New research suggests that the prolific Mayan civilization of the Americas may have been wiped out by a drought.
According to a study conducted by a team led by André Droxler, an earth scientist at Rice University in Houston, the Mesoamerican civilization’s decline is linked to a lack of water to feed its crops.
Droxler and his team have come to this conclusion by studying underwater sediments off the coast of Belize. The group of scientists extracted minerals from Belize’s famous underwater cave known as the Blue Hole and the lagoons that surround it, and discovered that the region went through a drought between A.D. 800 and A.D. 900 — the same period that coincides with the Mayan decline.
The Great Blue Hole is "like a big bucket," Droxler said, according to the Washington Post. "It’s a sediment trap."
While the Mayans' most famous ruins lay in the civilization’s heartland in modern-day Guatemala, they expanded their territory across parts of Central America (i.e.
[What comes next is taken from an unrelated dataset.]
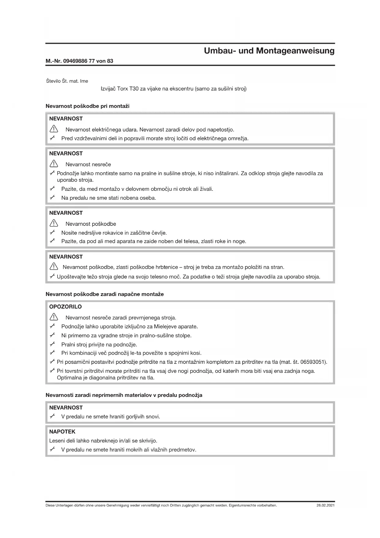 Podnožje s predalom za pralne in sušilne stroje WTS510/APCL041 Potrebni deli Število Št. mat. Ime 1 09322300 Montažni komplet WTS510 1 11477320 Montažni komplet APCL041 Vključeni deli Število Št. mat. Ime 1 Navodila za montažo 1 Podnožje WTS510/APCL041 1 Hrbtna stena podnožja 2 Spojni kos 4 Distančni obroč 3 Vijak z lečasto glavo CEM 4x10 4 Navojni zatič M10x40mm 10 Lepilni trak za hrbtno steno 1 06593051 Montažni komplet za pritrditev na tla Specialno orodje Število Št. mat. Ime Vodna tehtnica Viličasti ključ 18mm ali cevne klešče za navojne sornike (štirikotni) in noge sušilnega stroja Izvijač Torx T20 za hrbtno steno Notranji šestrobi ključ 5mm (samo za sušilni stroj)Umbau- und Montageanweisung M.-Nr. 09469886 77 von 83 Diese Unterlagen dürfen ohne unsere Genehmigung weder vervielfältigt noch Dritten zugänglich gemacht werden. Eigentumsrechte vorbehalten. 26.02.2021 Število Št. mat. Ime Izvijač Torx T30 za vijake na ekscentru (samo za sušilni stroj) Nevarnost poškodbe pri montaži NEVARNOST Nevarnost električnega udara. Nevarnost zaradi delov pod napetostjo. A Pred vzdrževalnimi deli in popravili morate stroj ločiti od električnega omrežja. NEVARNOST Nevarnost nesreče A Podnožje lahko montirate samo na pralne in sušilne stroje, ki niso inštalirani. Za odklop stroja glejte navodila za uporabo stroja. A Pazite, da med montažo v delovnem območju ni otrok ali živali. A Na predalu ne sme stati nobena oseba. NEVARNOST Nevarnost poškodbe A Nosite nedrsljive rokavice in zaščitne čevlje. A Pazite, da pod ali med aparata ne zaide noben del telesa, zlasti roke in noge. NEVARNOST Nevarnost poškodbe, zlasti poškodbe hrbtenice – stroj je treba za montažo položiti na stran. A Upoštevajte težo stroja glede na svojo telesno moč. Za podatke o teži stroja glejte navodila za uporabo stroja. Nevarnost poškodbe zaradi napačne montaže OPOZORILO Nevarnost nesreče zaradi prevrnjenega stroja. A Podnožje lahko uporabite izključno za Mielejeve aparate. A Ni primerno za vgradne stroje in pralno-sušilne stolpe. A Pralni stroj privijte na podnožje. A Pri kombinaciji več podnožij le-ta povežite s spojnimi kosi. A Pri posamični postavitvi podnožje pritrdite na tla z montažnim kompletom za pritrditev na tla (mat. št. 06593051). A Pri tovrstni pritrditvi morate pritrditi na tla vsaj dve nogi podnožja, od katerih mora biti vsaj ena zadnja noga. Optimalna je diagonalna pritrditev na tla. Nevarnosti zaradi neprimernih materialov v predalu podnožja NEVARNOST A V predalu ne smete hraniti gorljivih snovi. NAPOTEK Leseni deli lahko nabreknejo in/ali se skrivijo. A V predalu ne smete hraniti mokrih ali vlažnih predmetov.Umbau- und Montageanweisung M.-Nr. 09469886 78 von 83 Diese Unterlagen dürfen ohne unsere Genehmigung weder vervielfältigt noch Dritten zugänglich gemacht werden. Eigentumsrechte vorbehalten. 26.02.2021 Montaža podnožja Odstranjevanje predala iz podnožja A Predal izvlecite do konca iz ohišja, glejte sliko 2. A Pritisnite zaskočni zapirali in hkrati povlecite predal navzgor iz podnožja, glejte sliko 3. Montaža podnožja pod sušilni stroj A Izpraznite posodo za kondenzat. A Noge sušilnega stroja s cevnimi kleščami povsem privijte. A Z notranjim šestrobim ključem 5mm odvijte navojne zatiče iz podnožja (A) in jih odstranite, glejte sliko 4. A Privijte priložene navojne zatiče 10x40mm do konca v navojne sornike (B), glejte sliko 4. OPOZORILO Nevarnost poškodbe prstov, če zaidejo med ohišje sušilnega stroja in navojne zatiče. A Sušilnega stroja ne dvignite tako, da ga držite za vogale. A Sušilni stroj dvignite na podnožje, tako da navojne zatiče vstavite v odprtine nog sušilnega stroja, glejte sliko 5. A Na notranjo stran hrbtne stene prilepite tesnilne trakove, kot je prikazano na sliki, glejte sliko 6. A Na hrbtni steni sušilnega stroja odvijte vijaka na ekscentrih (1), glejte sliko 7 Ekscentra se lahko ob sprostitvi vijakov rahlo premakneta. Da bo namestitev varna, morate ekscentra vrniti v izhodiščni položaj: zob spodaj levo pod kotom 20° (1), glejte sliko 7. A Z enim vijakom z lečasto glavo CEM 4x10 pritrdite hrbtno steno spodaj na podnožje (2), glejte sliko 7. A Spojna kosa (3) obesite na vijaka na ekscentrih, glejte sliko 7. A Z dvema vijakoma z lečasto glavo CEM 4x10 pritrdite spojna kosa in hrbtno steno zgoraj na podnožje (2), glejte sliko 8. A Privijte vijaka na ekscentrih (2), glejte sliko 8. A Položaj stroja in podnožja uravnajte z vodno tehtnico. A Fiksirajte noge podnožja. A Podnožje pritrdite na tla z montažnim kompletom za pritrditev na tla (mat. št. 06593051). Montaža podnožja pod pralni stroj Pred samo montažo pritrdite spojne kose na podnožje. Potrebovali jih boste za varno povezavo dveh podnožij. Spojne kose pritrdite tudi v primeru, da še nimate drugega podnožja. Tako se boste izognili morebitni zahtevni naknadni namestitvi, spojni kosi pa bodo varno shranjeni. Postavitev sušilnega stroja levo in pralnega stroja desno: glejte sliko 9. Postavitev pralnega stroja levo in sušilnega stroja desno: glejte sliko 10. A S cevnimi kleščami zadržite navojne sornike v podnožju in odvijte vse noge podnožja. A Glede na situacijo postavitve odvijte 2 nogi podnožja levo ali desno, glejte sliko 9 ali sliko 10. A Na dno podnožja položite podložke, glejte sliko 9 ali sliko 10. A Na podložko položite spojni kos (1), glejte sliko 9 ali sliko 10. A Ponovno privijte 2 nogi podnožja, vendar ju še ne fiksirajte s protimatico.Umbau- und Montageanweisung M.-Nr. 09469886 79 von 83 Diese Unterlagen dürfen ohne unsere Genehmigung weder vervielfältigt noch Dritten zugänglich gemacht werden. Eigentumsrechte vorbehalten. 26.02.2021 NAPOTEK Škoda na pralnem stroju in na talni oblogi. A Izpustite vodo iz pralnega stroja. A Odstranite dozirno enoto. A Pralni stroj lahko položite na stran izključno z vgrajenim transportnim varovalom. A Pralni stroj položite na ravno, mehko podlag

Belize) and even up into Mexico’s Yucatán peninsula.
The researchers also found that in the two centuries in which Mayan society began its decline, the region was hit by only one or two tropical cyclones every two decades as opposed to the usual five or six. While cyclones – or hurricanes – can wreak havoc on regions, they can also dump massive amounts of water on the land that in turn irrigate crops and keep pre-industrial societies from starving.
"When you have major droughts, you start to get famine and unrest," Droxler said, according to Time.
The work by Droxler and his team backs up a 2012 study in the journal Science that analyzed a 2,000-year-old stalagmite from a cave in Belize and also "found that sharp decreases in rainfall coincided with periods of decline in the culture."